Гроций был страстным приверженцем христианской добродетели милосердия. Он считал, что милосердие должно склонять именно христианских воинов к тому, чтобы соблюдать все запреты и проявлять сострадание, причем это вполне осуществимо на практике, что он и стремился показать в тех главах своего труда, которые посвящены некомбатантам и всему, что с ними связано. Таким образом, войны между христианами, будь они внутренними или внешними, в принципе относились к категории войн, в наибольшей степени допускающих ту умеренность, которую он проповедовал. (Важно помнить, что предписания Гроция в отношении ведения войны были в той же степени направлены на гражданские и «частные» войны, как и на международные, «публичные».) Христианам не следует начинать без необходимости или безрассудно войны против других христиан, а факт принадлежности к одной и той же культуре дает возможность понять и поддержать усилия другой стороны по защите мирного населения и проявлению милосердия к нему.

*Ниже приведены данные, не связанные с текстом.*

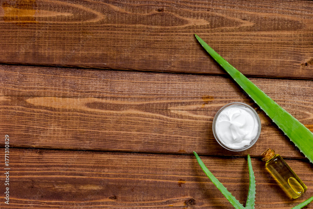 White beauty cream in jar with aloe vera wooden background
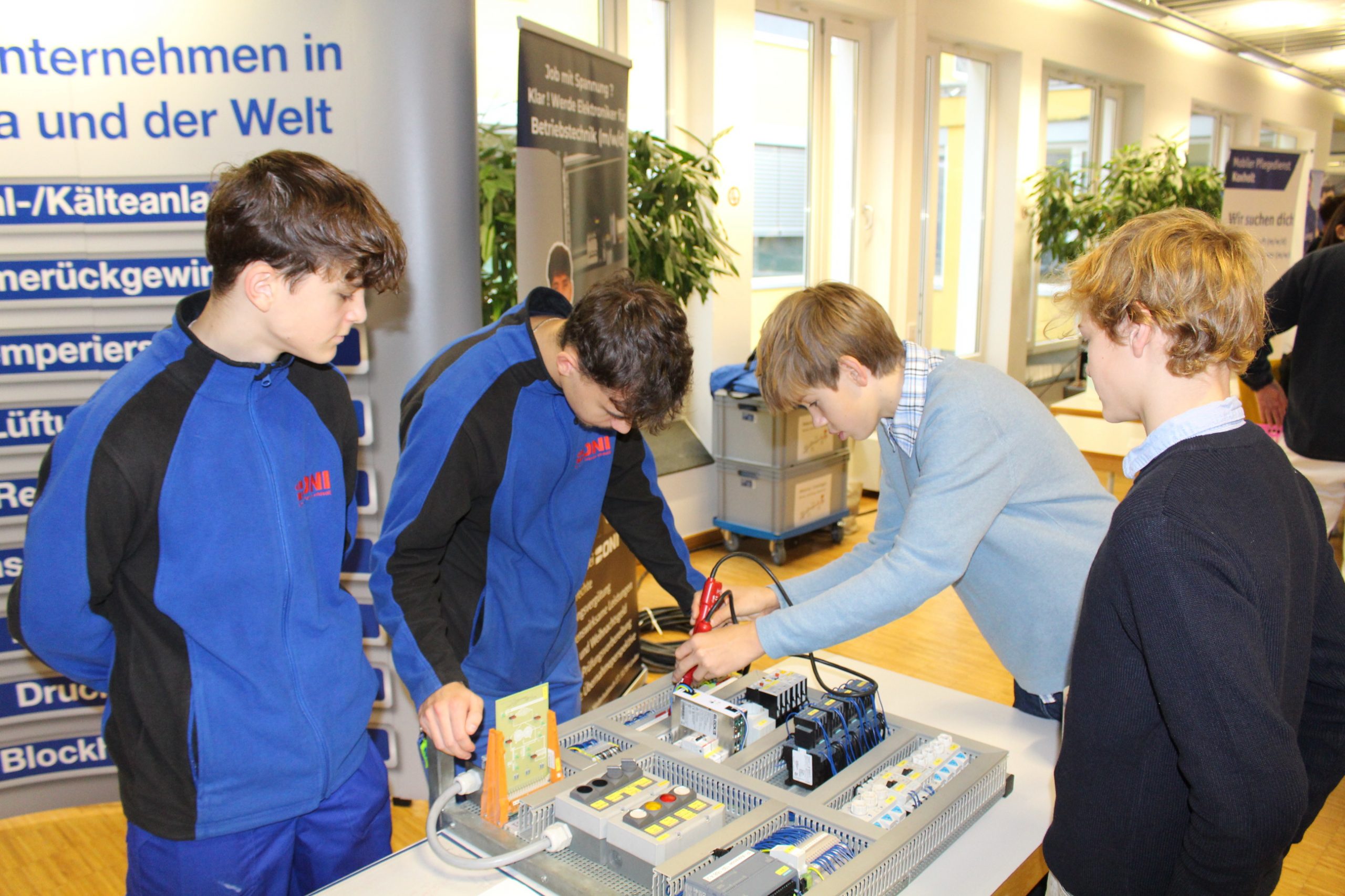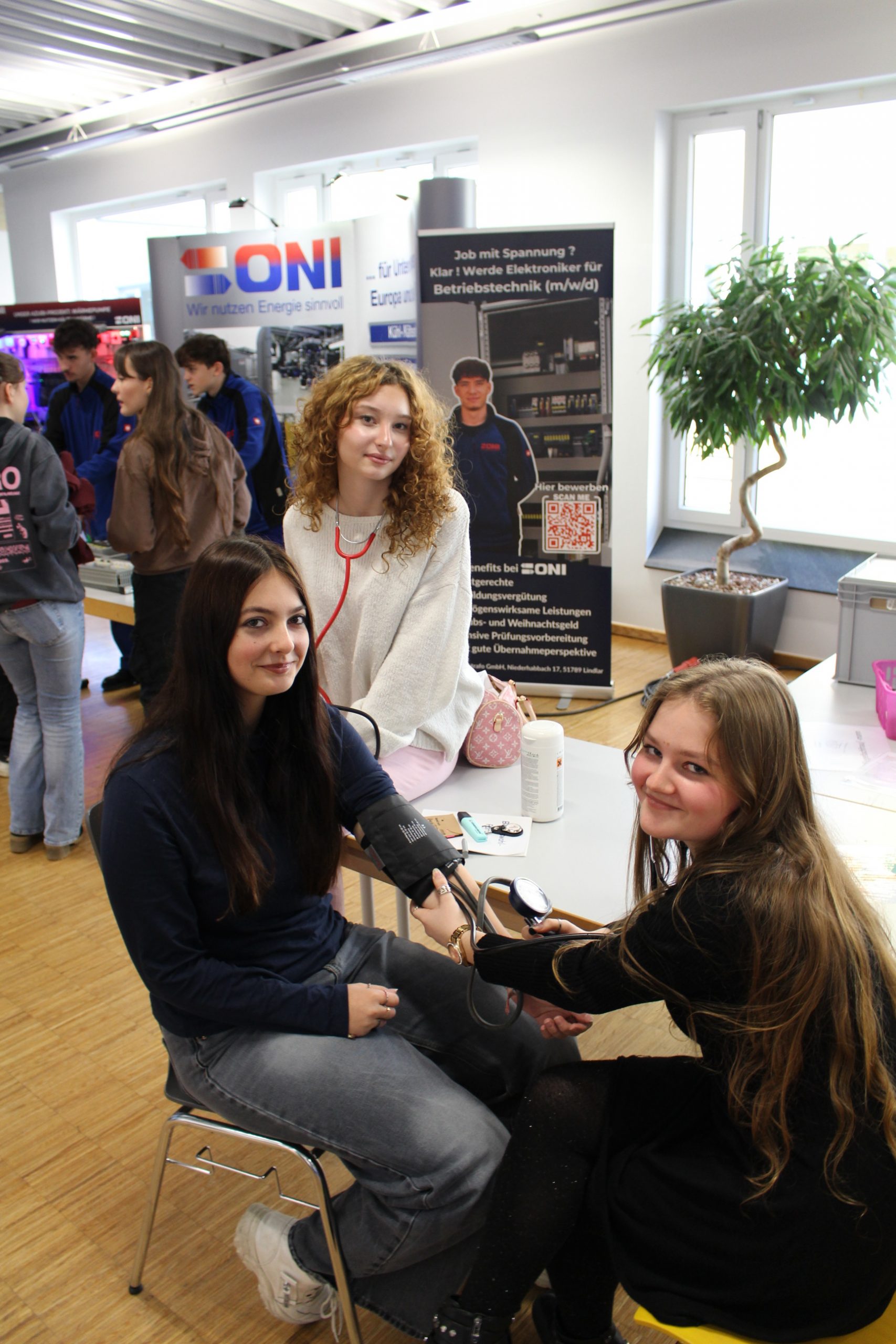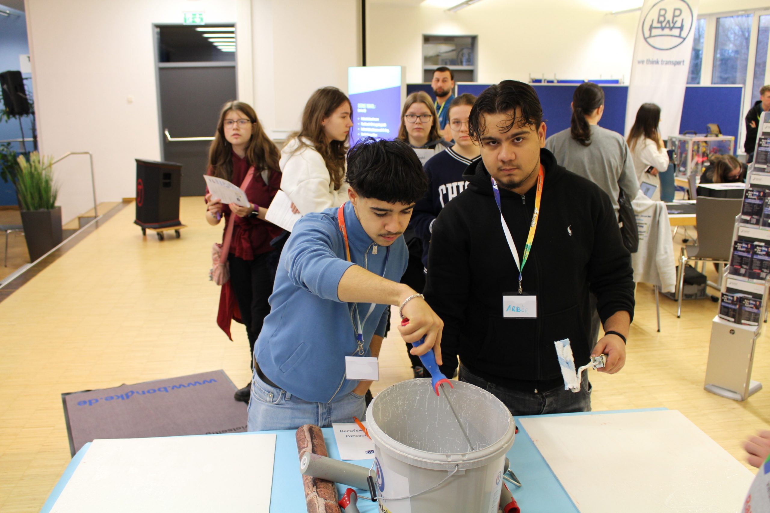 Personalleitung, Ausbilder und Auszubildende betreuten die Schülerschaft bei ihrem Rundgang und stellten sich vor. An jeder Station gab es eine besondere Aufgabe, z.B. Blutdruck messen, Löten, Malen, Tapezieren, Werkzeuge für Maschinengießtechnik zusammenbauen, usw.
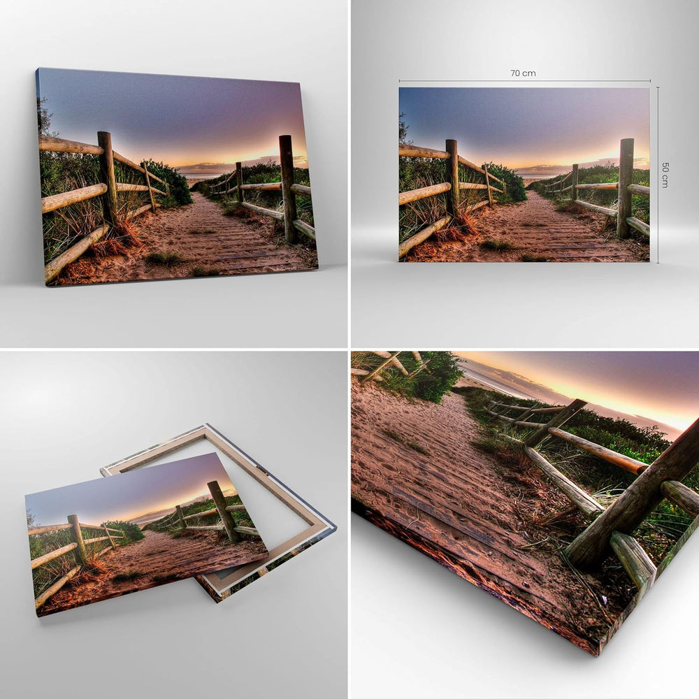 ARTTOR Bilder auf Leinwand Pfad Landschaft Himmel Leinwandbild 70x50cm Wandbilder Dekoration Wohnzim
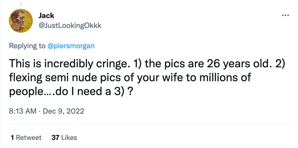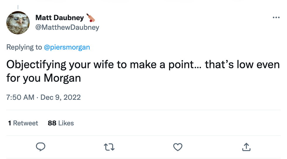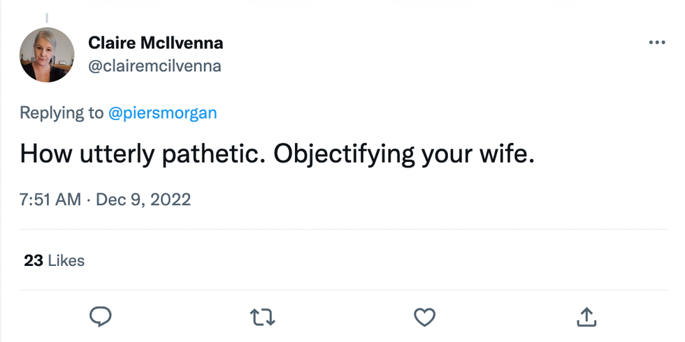\u201cAll the trolls raging that I only criticise Meghan Markle because I \u2018fancied\u2019 her & then got upset when she ghosted me\u2026 have reminded me that I forgot to publicly wish my wife Celia a happy birthday yesterday. (And yes, she knows she lucked out\u2026. \ud83e\udd23)\u201d— Piers Morgan (@Piers Morgan) 1670589907
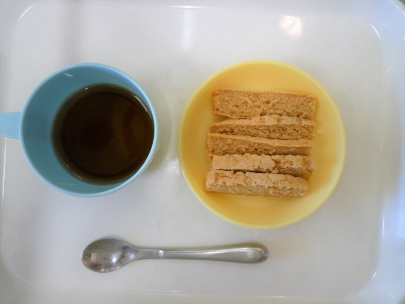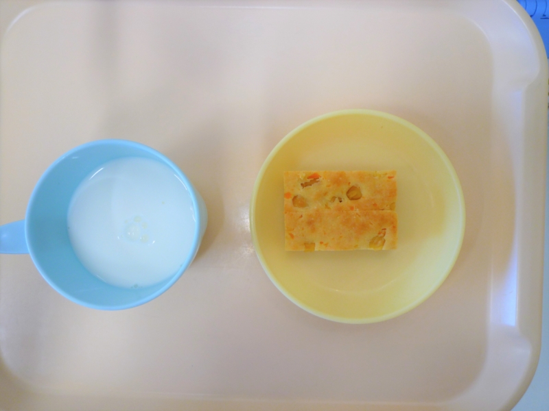 離乳食(後期)午後おやつ:麦茶、きなこパンケーキ
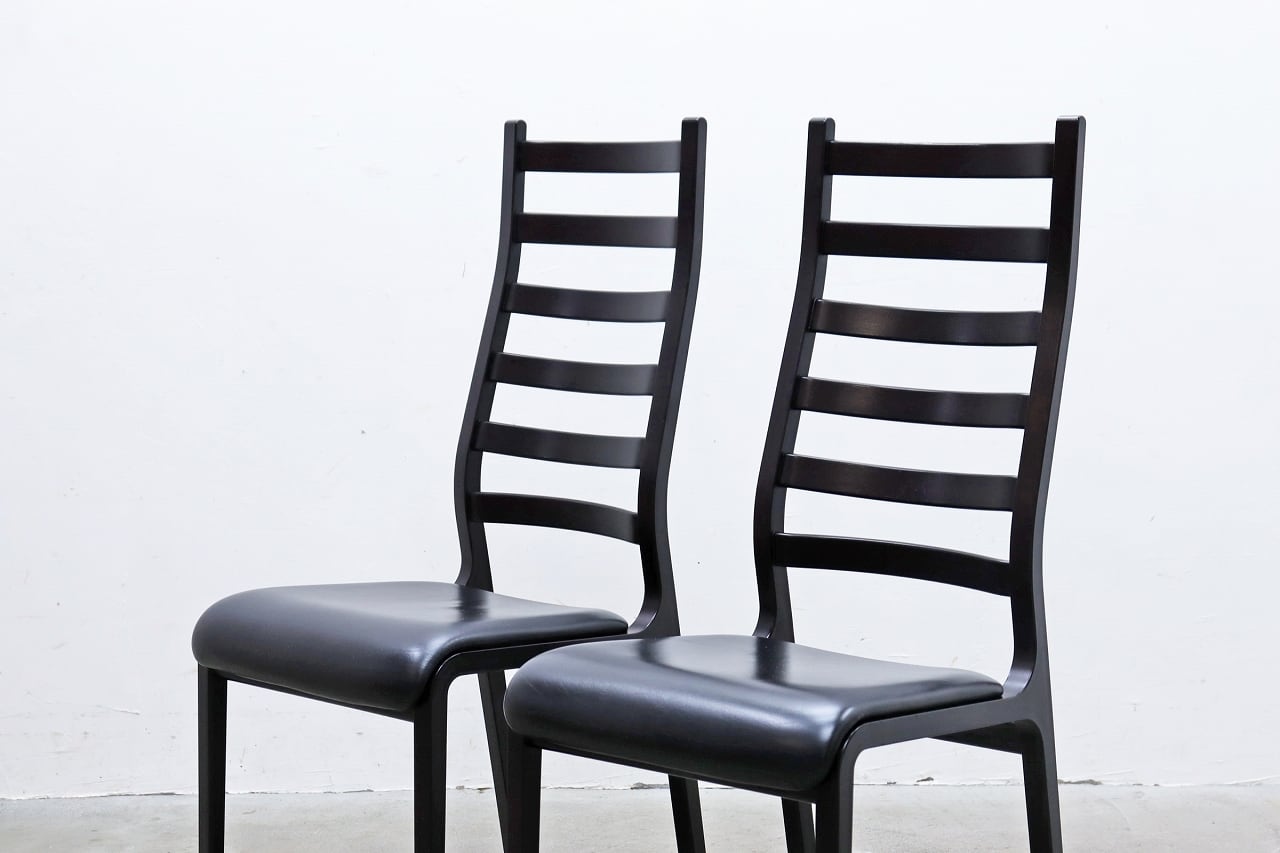 在庫3脚 TENDO 天童木工 ラダーバック 本革 ダイニングチェア ヴィンテージ レトロ ブラック 黒 PLT16118
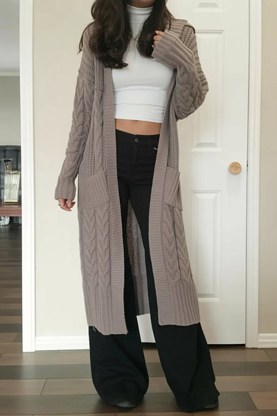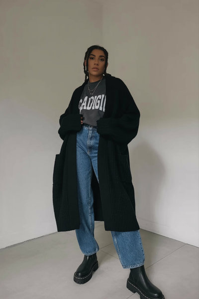 A very long cardigan over a white crop top and black straight leg pants is giving main character energy. The proportions here are really fun and the long cardigan is super cozy for walking between classes. Just make sure the crop top isn’t too cropped or you’ll freeze lol.
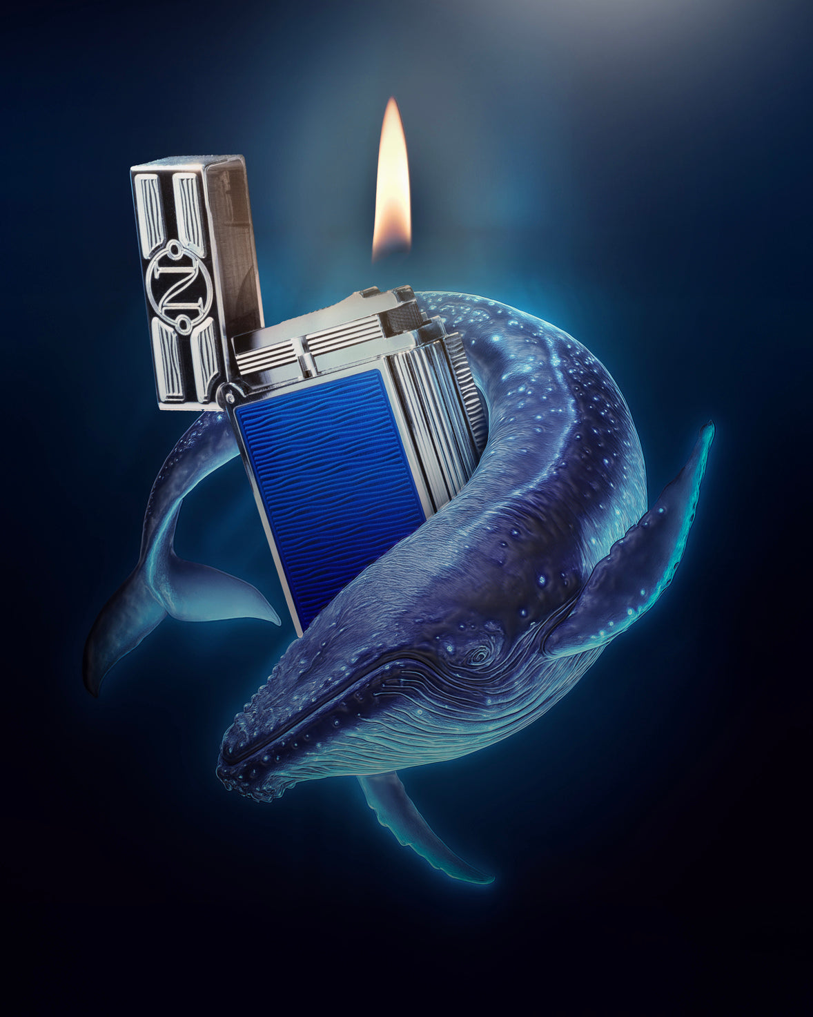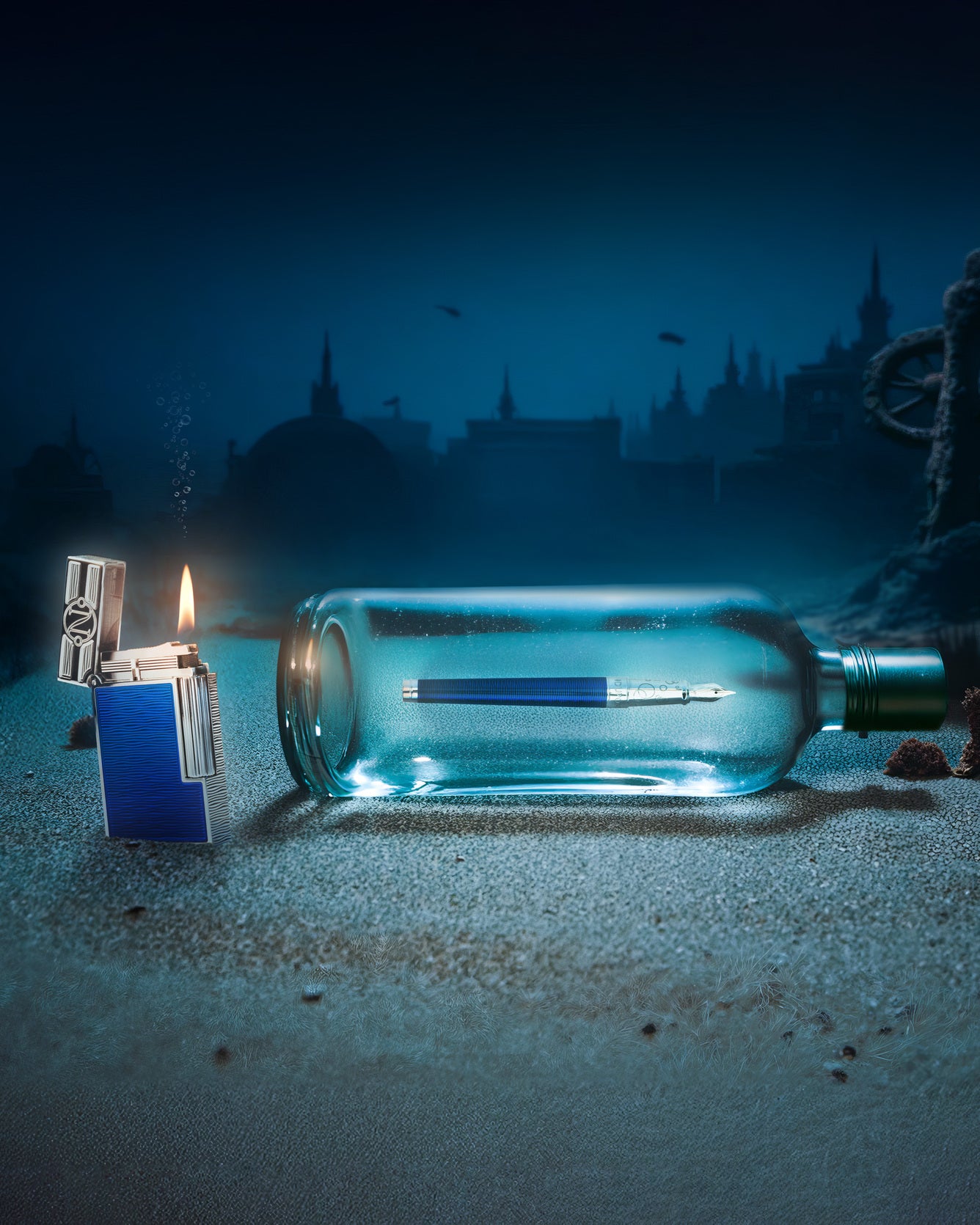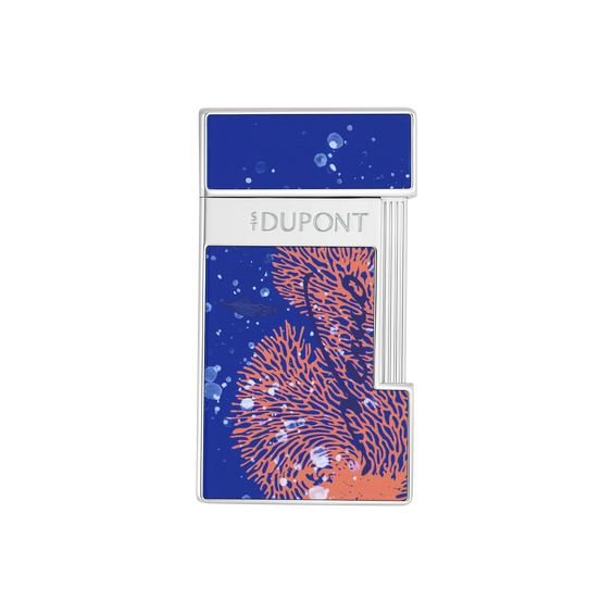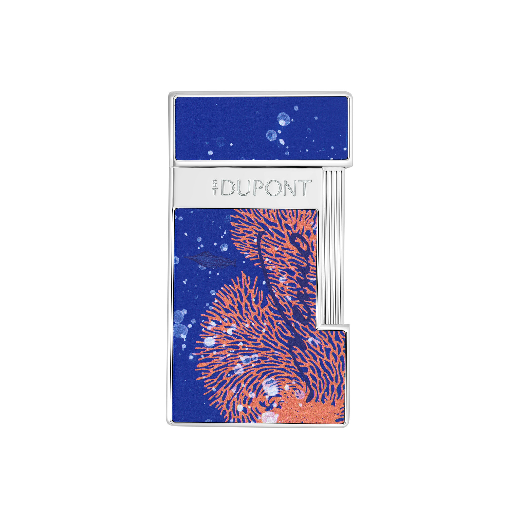 I briquet Biggy, Slimmy e Twiggy, insieme alla penna Défi Millénium, sono impreziositi da lacca lucida blu profondo decorata con bolle e motivi corallo, completati da finiture cromate.
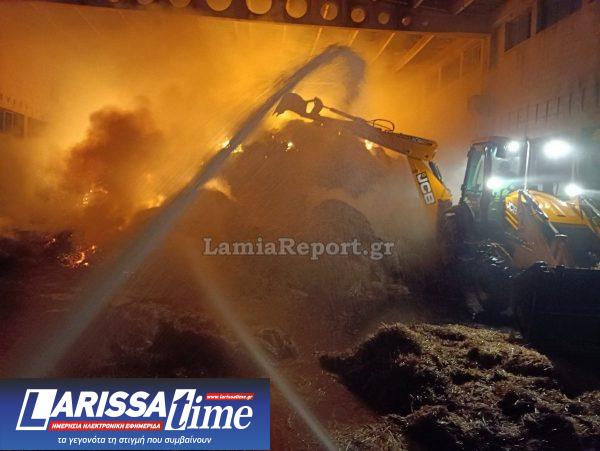 Στο σημείο έσπευσαν 12 πυροσβεστικά οχήματα και μία Ομάδα ΕΜΟΔΕ, που έδωσαν μάχη με τις φλόγες, καθώς καταστράφηκαν περίπου 2.500 μπάλες τριφυλλιού, βρώμης και κριθαριού.

Но Гроций считал возможной умеренность в военных действиях не только в рамках христианского мира. Дополнительным источником его размышлений было представление о естественном праве, и оно привело его к убеждению, что признание общей принадлежности к роду человеческому и доброжелательное в целом поведение в принципе совместимы со всеми религиями и культурами, хотя очевидно, что он мало знал о нехристианских цивилизациях и допускал, что «варвары» как таковые неспособны постичь мораль. Эти черты универсализма напоминают нам о том, что Гроций вполне заслужил право быть включенным в число отцов-основателей нашей современной доктрины прав человека.

Особое значение Гроция в истории стремления человечества обуздать войну состоит в том, что его вклад в это благородное дело покоится на таком же прочном основании, как и сама идея цивилизации. Раздел его великого творения о праве войны и мира, посвященный «ограничениям», следует воспринимать в рамках соответствующего контекста. Эта книга в целом часто рассматривается как историческая веха в развитии не только права войны, но и, сверх того, публичного международного права вообще и идеи сообщества государств, на которой оно зиждется[21].

Стремление Гроция к удержанию войны в цивилизованных рамках было составной частью более широкой задачи: дать возможность государствам (заметим, что понятие государства в его времена было намного менее четким, чем теперь) сосуществовать друг с другом на определенных разумных условиях и побудить подданных одних государств считать подданных других государств, пусть и лично им незнакомых, такими же представителями рода человеческого, как и они сами. Отчасти это объясняется тем, что его изложение этих важнейших вопросов наполнено таким сочувствием и пониманием, что в этом отношении, как и во всех прочих, он оставляет впечатление «двойственности», делая тем самым для себя возможной апелляцию к сторонам с различными позициями. Если принять терминологию современной теории международных отношений, то можно сказать, что исследователи, тяготеющие к «реалистическому» краю существующего в этой дисциплине спектра мнений, восхищаются Гроцием потому, что он понимал, что, даже считая, что государства существуют в своего рода международном «обществе», их зачастую расходящимся интересам свойственно порождать конфликты, и война – это нормальный способ их разрешения; в то время как исследователи «идеалистического» лагеря восхищаются им потому, что понимание им культурного родства государств и людей давало ему возможность представлять их во взаимоотношениях, которые можно описать как международное сообщество, а также потому, что он в силу этого считал разумным для государств проявлять осторожность и избегать конфликтов друг с другом, а уж если, тем не менее, конфликт произошел, то проявлять высшую степень самоконтроля.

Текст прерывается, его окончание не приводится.